The Vodafone Big Idea show on Sky One
I first heard about the Big Idea from Kevin who received that apparent unsolicited text from Vodafone earlier this week.
I was on the Vodafone home page this Saturday afternoon and saw the promo for it, so clicked.
If you haven’t already had a look, the Vodafone Big Idea is effectively Dragon’s Den for Sky One. Care to guess who the sponsor is? 😉 Yes. Obviously, it’s Vodafone. Good. Kudos. Supporting small business. Or at least, aligning themselves with the concept.
Someone, somewhere in Vodafone is doing a brilliant job with sponsorship, events and television — the Vodafone Music Awards were last week, we’ve had Vodafone music events all over the place. It all looks good from my vantage point. I’m certainly not thinking much about Orange or T-Mobile when I’m out and about. O2 is a glint in the milkman’s eye in terms of my consumption of media recently.
So here’s the concept of the Big Idea:
One inventor or entrepreneur will win £100,000 in Sky One’s new prime-time show in partnership with Vodafone
There are three judges:
Ex-Liverpool footballer and designer of the ‘Predator’ football boot Craig Johnston, Chief Executive of Cobra Beer Lord Karan Bilimoria and finalist on ‘The Apprentice’ Ruth Badger
Ms Badger: The girl dun good, eh? She’s done well to be featured in the show.
You can still pitch your idea to the show although time is running out quickly. If you’ve got a good 2 minute pitch, I reckon you should go along, knock out the various forms and see if you get anywhere. You can pitch online.
Obviously there is no scope for any Big Ideas along the lines of ‘stop charging people pounds and pounds per meg for their data,’ or ‘introduce a flat rate unlimited text, data and calling plan,’ will all be disqualified from the get go.
Richard Bacon, Dick Strawbridge and Di Stewart are the presenters. Di will certainly make it watchable. Good team I reckon.

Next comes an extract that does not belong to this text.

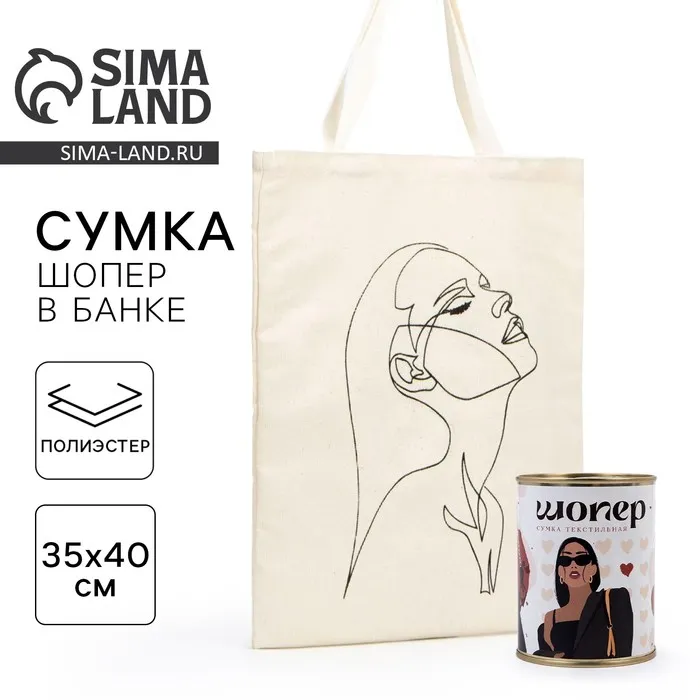 Шопер в банке «Стиль», без подклада, без молнии, 35 х 40 х 0.5 см, бежевый — Характеристики

One issue. I do a lot of work in the online community space – particularly around advising big companies how to manage interaction with consumers. It’s quite an alien concept to a lot of organisations who are so used to broadcasting a carefully constructed message to their customers — but are completely incapable of managing any form of communication back from these customers. One company I met a while back was redirecting all communications from it’s discussion board to it’s complaints department, because it didn’t know what to do with the incoming messages of support, ideas, thoughts and opinion — which it had originated using its community.
Someone, somewhere at Vodafone, decided it would be a good idea to include forums on the Big Idea website — to enable people to discuss the episodes and so on. That’s a super concept. However the cardinal rule in community management is to never, ever, ever go live with forums that are empty.

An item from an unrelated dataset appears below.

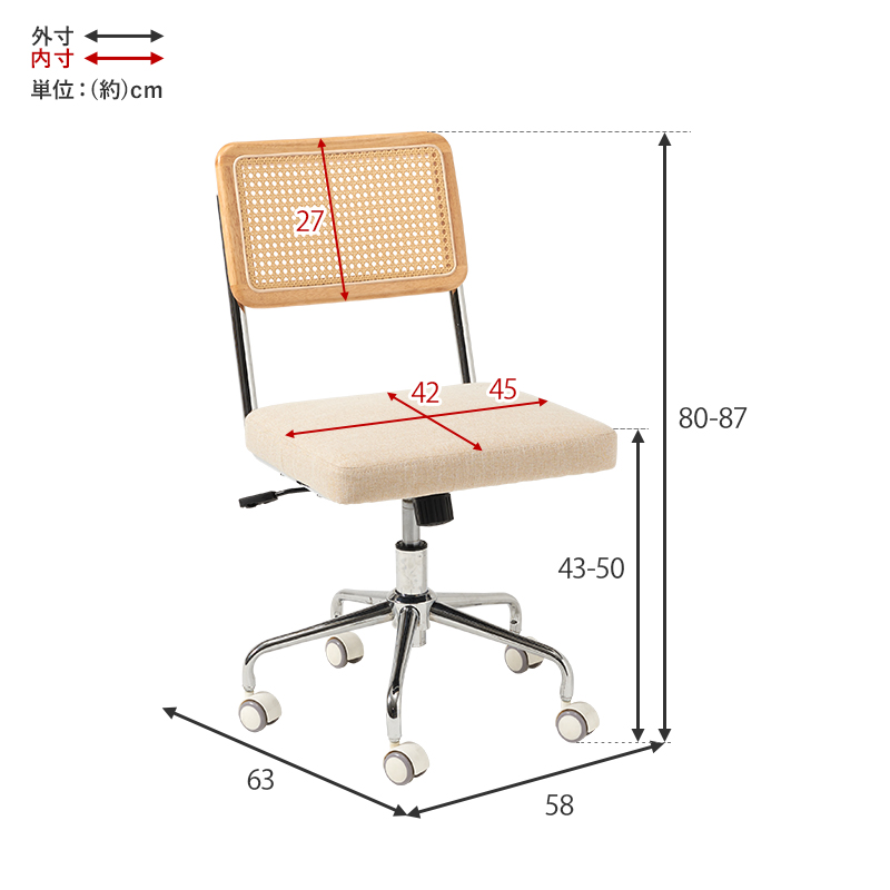 【商品サイズ(約)】幅58×奥行63×高さ80〜87cm

Take a look at this screenshot showing the forums with 0 topics, 0 posts — every single one of them. Ooooh dear. It’s a virtual ghost town.

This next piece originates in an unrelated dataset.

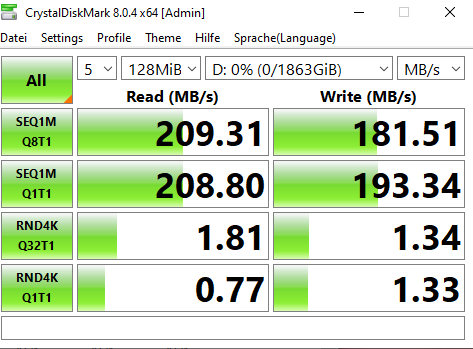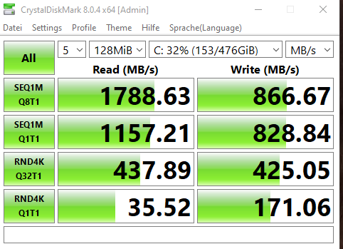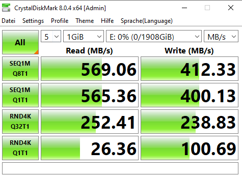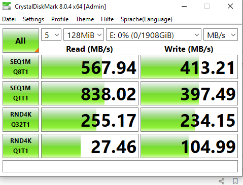 Bei Crystal Disk mark bekomme ich im reiter Übertragungsmodus auch nichts angezeigt, anbei mal screenshots.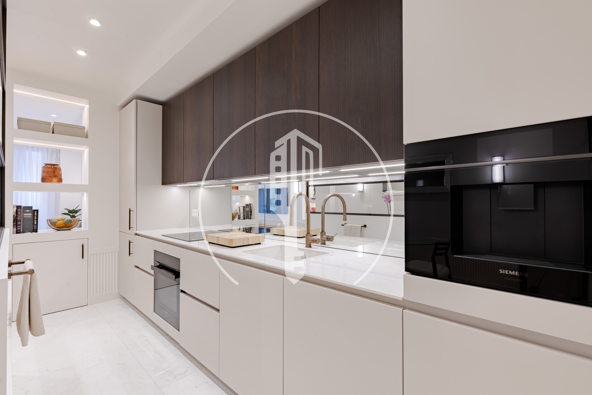 This elegant apartment, completely renovated with high quality materials, combines modernity and bourgeois charm. It consists of a spacious and bright double living room with a dining area and a modern kitchen equipped with integrated appliances.

Vodafone’s community management team should have started it off. It needn’t be a difficult task. Just whack a mail round to everyone in Vodafone Interactive and ask’em to register and post a few messages.
Now I’m put off registering because no one else has. Well, no one else has posted anything. I don’t really want to be first, you see.
This is linked from the frontpage of the Vodafone site — one would magine there’s quite a lot of traffic flowing over the site, so at least 100 people out of the 100,000 (made up figures) visiting Vodafone’s site this afternoon, should have found the forums, registered and posted. It won’t be long until there’s some activity I’m sure. I wonder how they’ll deal with people posting comments like ‘please could Vodafone introduce an unlimited text/call/data plan’.
Will they delete the messages? Will they allow them to go live and allow people to pile on supporting messages? Will they formally respond to the messages? i.e. get their Head of Billing Customers Crazy Amounts to pen a reply? What would happen if I posted a topic along those lines and 500,000 people replied to it saying ‘YES, HERE HERE.’
Would Vodafone introduce such a price plan? How would they react if the national press picked up the story. What would happen if, over night, 20% of Vodafone’s customer base picked up the story and also demanded such a price plan?
Hmm. Interesting. They must have considered these ramifications. If it was me advising them, I’d either tell them to be open to it and to expect and to respond to their customers via the forums — or completely moderate the whole thing to prevent any ‘off topic’ messages from going live.
Anyway, when’s it on?
Watch The Big Idea on Sky One every Sunday night at 9pm from 15th October to the 26th November.
Immediately after the Sunday show turn over to Sky Three for More Big Ideas. In this 30 min show, hosted by Di Stewart, you can find out even more about our finalists and their ideas. Di will also review the week’s best ideas submitted in ‘What’s your Big Idea?’
I’ll Sky+ this.
If you’re not in the UK, you’ll be able to catch the video highlights here.